Abstract

Kidney involvement in systemic lupus erythematosus (SLE), so-called lupus nephritis (LN), is very common with an incidence of approximately 40–60%, often also represents the first organ manifestation of SLE or frequently occurs in the first 5–10 years after diagnosis of SLE. An LN can be manifested as almost all forms of glomerulonephritis and various tubulointerstitial and vascular complications and is therefore also called the chameleon of kidney pathology. In 2021 a new revision and modification of the LN classification was undertaken based on the experience of the last 15 years, which resulted in several changes relevant for the practice. Among these are more precise and overall improved definitions and classifications of glomerular lesions and the introduction of a new National Institutes of Health (NIH) activity and chronicity index to be applied to all classes.
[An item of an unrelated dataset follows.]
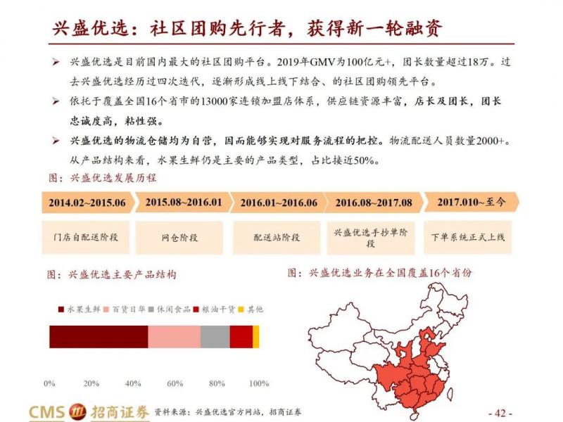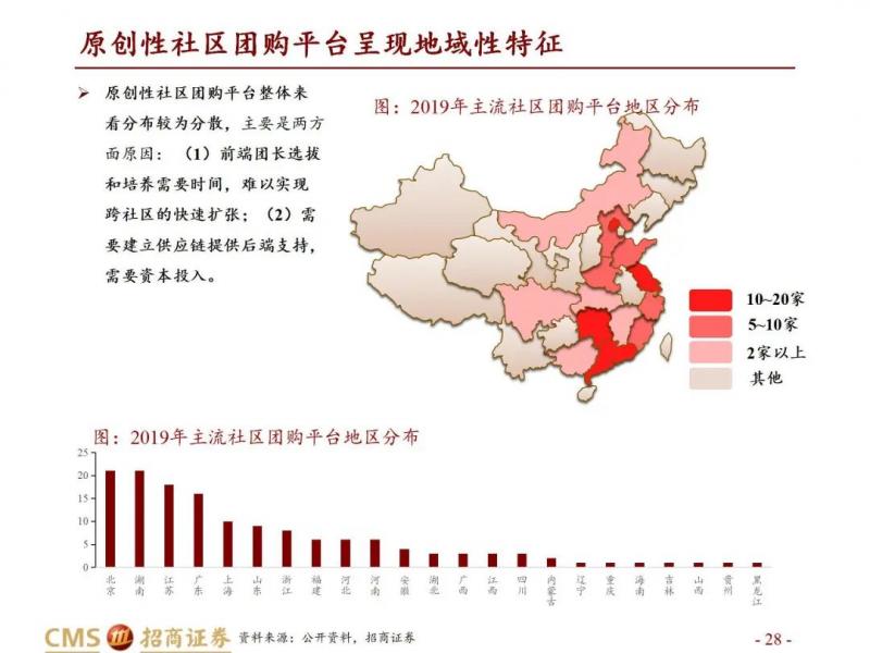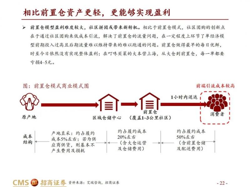 (3)社區團購模型前端固定資產投入較少,模式較輕,同時相比前置倉有較低的引流成本和較少的前端投入,同時將“配送到家”改為“配送到店+自提”,降低了履約成本,更能夠在三四線跑通。

Histological confirmation of the LN and thus the LN class present is a relevant component of adequate treatment planning in patients with SLE and LN. Early diagnosis and rapid response to treatment, in particular, are of prognostic importance for the preservation of kidney function. Thus, the focus of treatment is to achieve complete remission and to avoid active disease phases. Recent insights into the pathomechanisms of SLE and LN have led to the development of targeted treatment, which will increasingly expand the therapeutic spectrum for patients with SLE and LN. For LN, the time point at which treatment changes seem to be necessary or useful cannot be optimally assessed on the basis of clinical and laboratory parameters. Studies evaluating the timing and frequency of repeat biopsies are expected to provide insights in the future.